Albert of Hanau-Münzenberg (12 November 1579 - 19 December 1635 in Strasbourg) was the younger son of Philip Louis I of Hanau-Münzenberg (1553-1580) and his wife, Countess Magdalene of Waldeck-Wildungen (1558-1599). The only sons of his parents to reach adulthood were Albert and his elder brother Philip Louis II. Albert's son John Ernest was the last male member of the Hanau-Münzenberg line of the House of Hanau.

== Regency ==
When his father died in 1580, Albert and his brother were still minors and a regency was necessary. The regents were Counts John VI, Count of Nassau-Dillenburg (1536–1606), Louis I, Count of Sayn-Wittgenstein (1568–1607) and Philip IV, Count of Hanau-Lichtenberg (1514–1590), who was replaced in 1585 by his son, Count Philip V of Hanau-Lichtenberg (1541–1599).

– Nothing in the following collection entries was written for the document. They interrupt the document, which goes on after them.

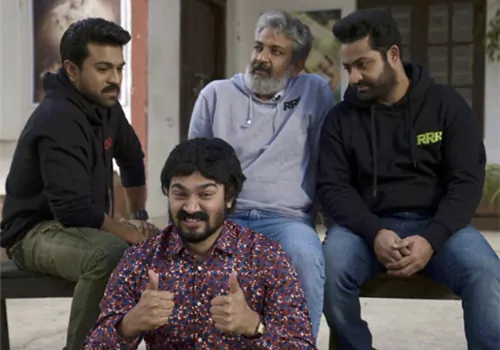 తారక్, చరణ్ ప్రధాన పాత్రధారులుగా రాజమౌళి దర్శకత్వంలో తెరకెక్కిన పాన్ ఇండియా మూవీ 'ఆర్ఆర్ఆర్'. మార్చి 25 న ఈ సినిమా ప్రేక్షకుల ముందు రానుంది. ఈ మూవీ ప్రమోషన్స్ లో భాగంగా తాజాగా ప్రముఖ హిందీ కమెడియన్ భువన్ బాయ్ ఆర్ఆర్ఆర్ టీమ్ తో ఇంటర్వ్యూ నిర్వహించాడు. ఈ సందర్భంగా అతను శక్తి, జంజీర్ సినిమాల ప్రస్తావన తీసుకొచ్చి నవ్వించాడు.
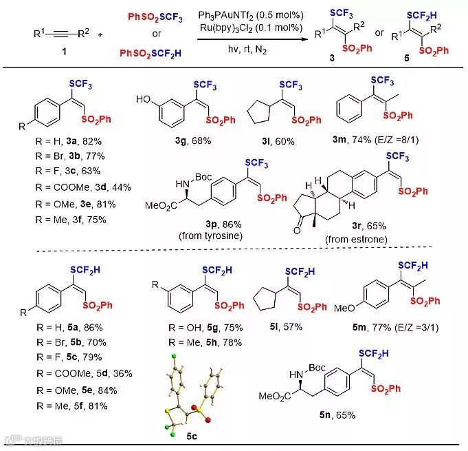 通过对反应条件的探究,研究人员发现,利用之前报道的PhSO2SR对烯烃加成的反应条件完全无法适用于对炔烃的加成,反应中金催化剂、光敏剂、溶剂都对反应影响很大;降低金催化剂的用量至0.5 mol%能够显著提升反应产率;和金同一族的铜和银催化剂都无法代替金催化剂。在最优的反应条件下,研究人员对反应的普适性进行了探索(图2)。反应可适用于各种各样的端炔、非端炔,并且反应对官能团的兼容性良好,如含酚羟基的炔烃、氨基酸和甾体衍生的炔烃都能够在该反应条件下进行,立体单一性的生成反式加成产物。该反应适用于硫三氟甲基化反应,同样适用于硫二氟甲基化反应,具有很好的普适应。
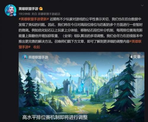 2月24日,《英雄联盟手游》官方宣布,将进行全球一致的匹配体验调整,提升高水平排位赛中单人玩家的游戏体验。更新后,部分钻石、大师、宗师和王者段位的玩家,在对局胜利之后将获得更多的胜点,在对局失败之后也将扣除更少的胜点。原先需要补分的钻石段位玩家不再出现赢一局获得的胜点低于输一局扣除的胜点的情况。每周排位赛海克斯能量上限翻倍,同时增加获取量。
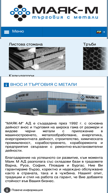 100%компанията маяк м ад е създадена през 1992г. с основна дейност внос и търговия на широка гама от размери и видове черни метали с приложение в машиностроенето, металообработване, енергетика, енергоремонтната дейност, строителство, химическата промишленост, корабостроенето, кораборемонта и предприятия свързани с ремонтно-възстановителни дейности
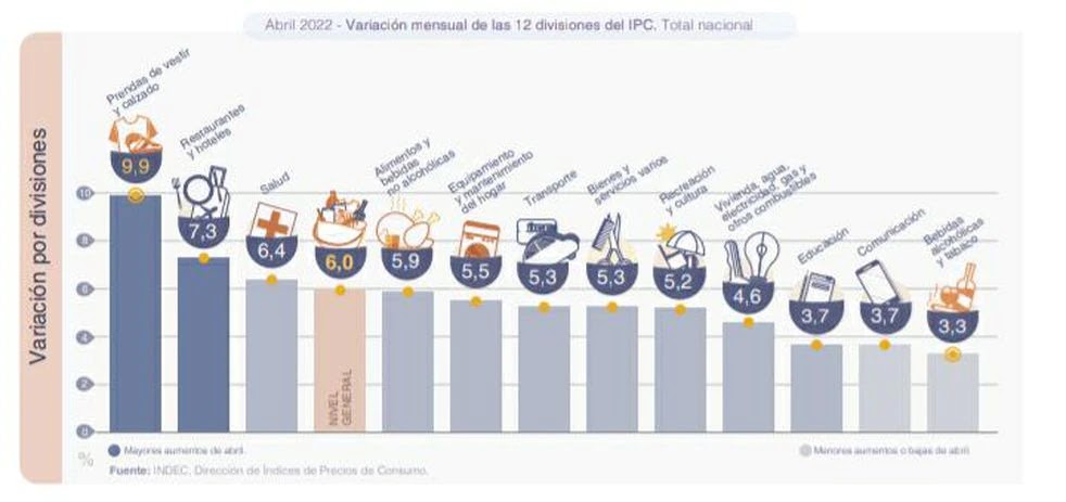 La división con mayor incremento en el mes fue Prendas de vestir y calzado (9,9%), seguida de Restaurantes y hoteles (7,3%) y Salud (6,4%). En este último caso incidió en buena medida el aumento de la cuota de la medicina prepaga.
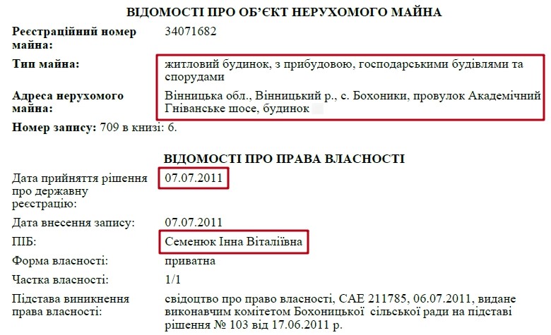 Зокрема, у власності дружини перебуває будинок на 354 м², що розташований в с. Бохоники за 14 км від Вінниці. Придбала Інна Віталіївна даний будинок у 2007 році. Пані Інні також належить і 12 соток землі під цим будинком. Сьогодні приблизна вартість такого маєтку – 220 тис. дол.
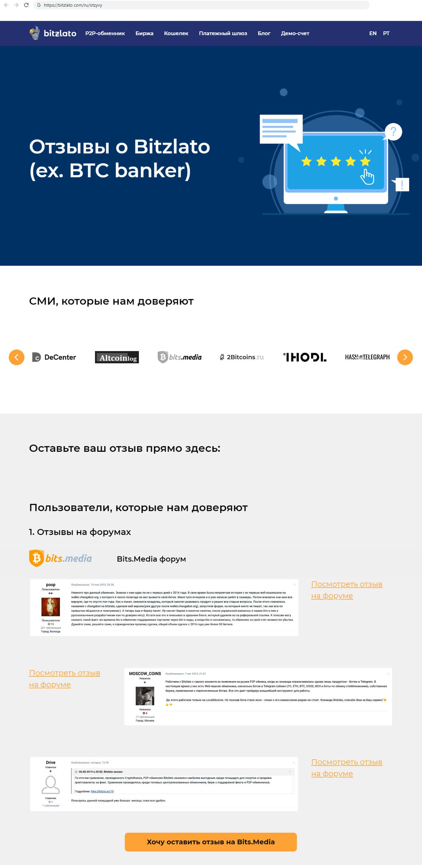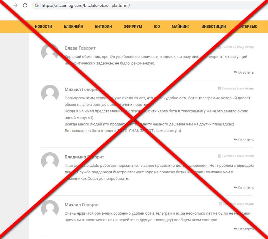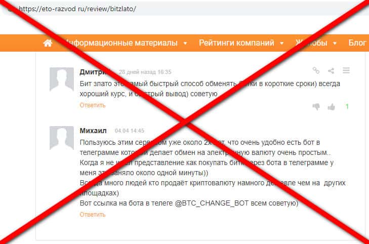 - Фальшивые отзывы на главном сайте кидал Битзлато
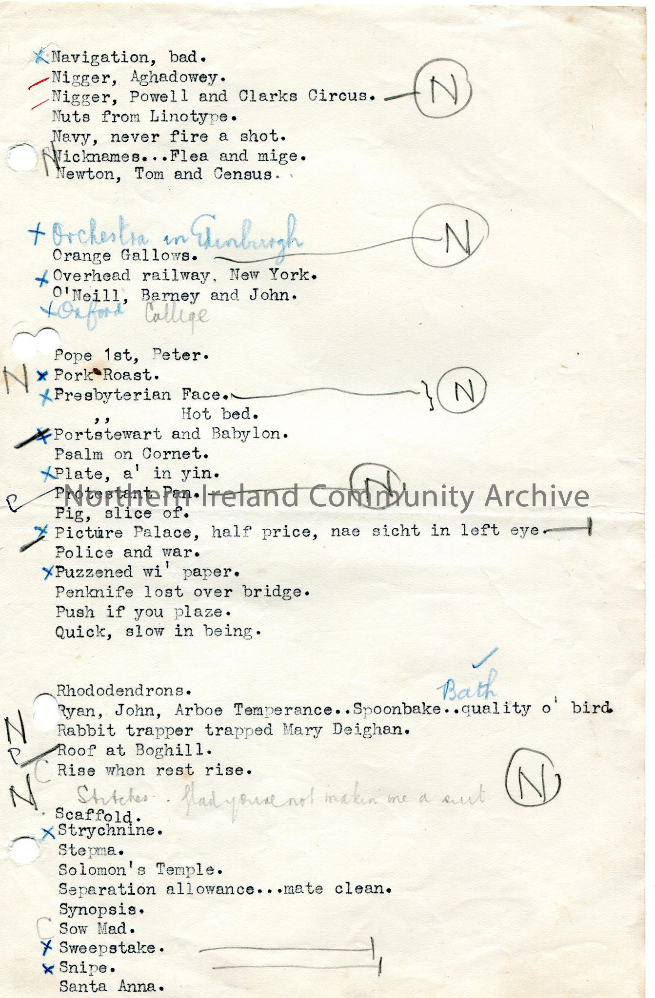 Page 4 of 5 typed list of jokes in alphabetical order – N-S.
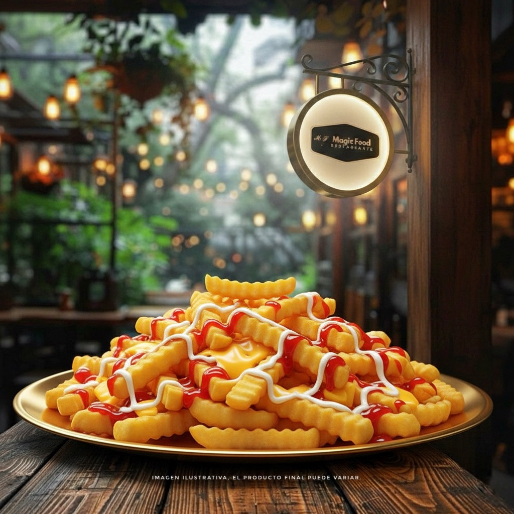 Papas a la francesa grandes con aditamentos premium y/o de calidad.
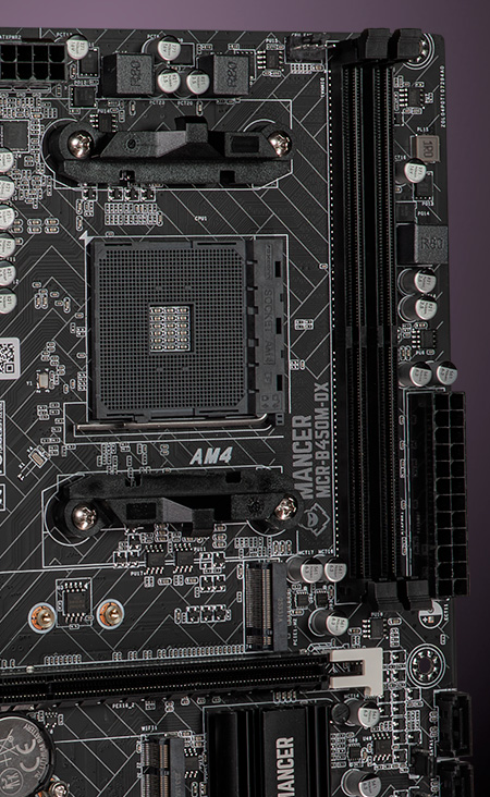 Projetada para desempenho equilibrado, a Mancer B450M-DX é compatível com processadores AMD AM4 e suporta memórias DDR4 até 3200 MHz. Ela oferece estabilidade e fluidez, garantindo uma experiência sem travamentos tanto em tarefas do dia a dia quanto em jogos: seja para um RPG épico ou algo mais casual.
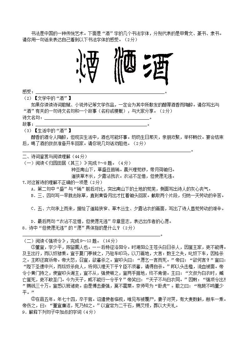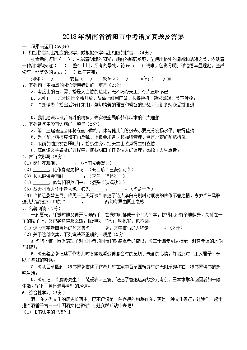 【文档名称】 2018年湖南省衡阳市中考语文真题及答案(Word版).doc

Albert's mother Magdalena remarried in 1581 to John VII, Count of Nassau-Siegen, the son of his guardian and regent. She and her sons from her first marriage then moved to the Nassau court in Dillenburg. At the time, this was a centre of Calvinism in Germany. The court in Dillenburg maintained cordial relations with the Reformed court of the Electorate of the Palatinate in Heidelberg.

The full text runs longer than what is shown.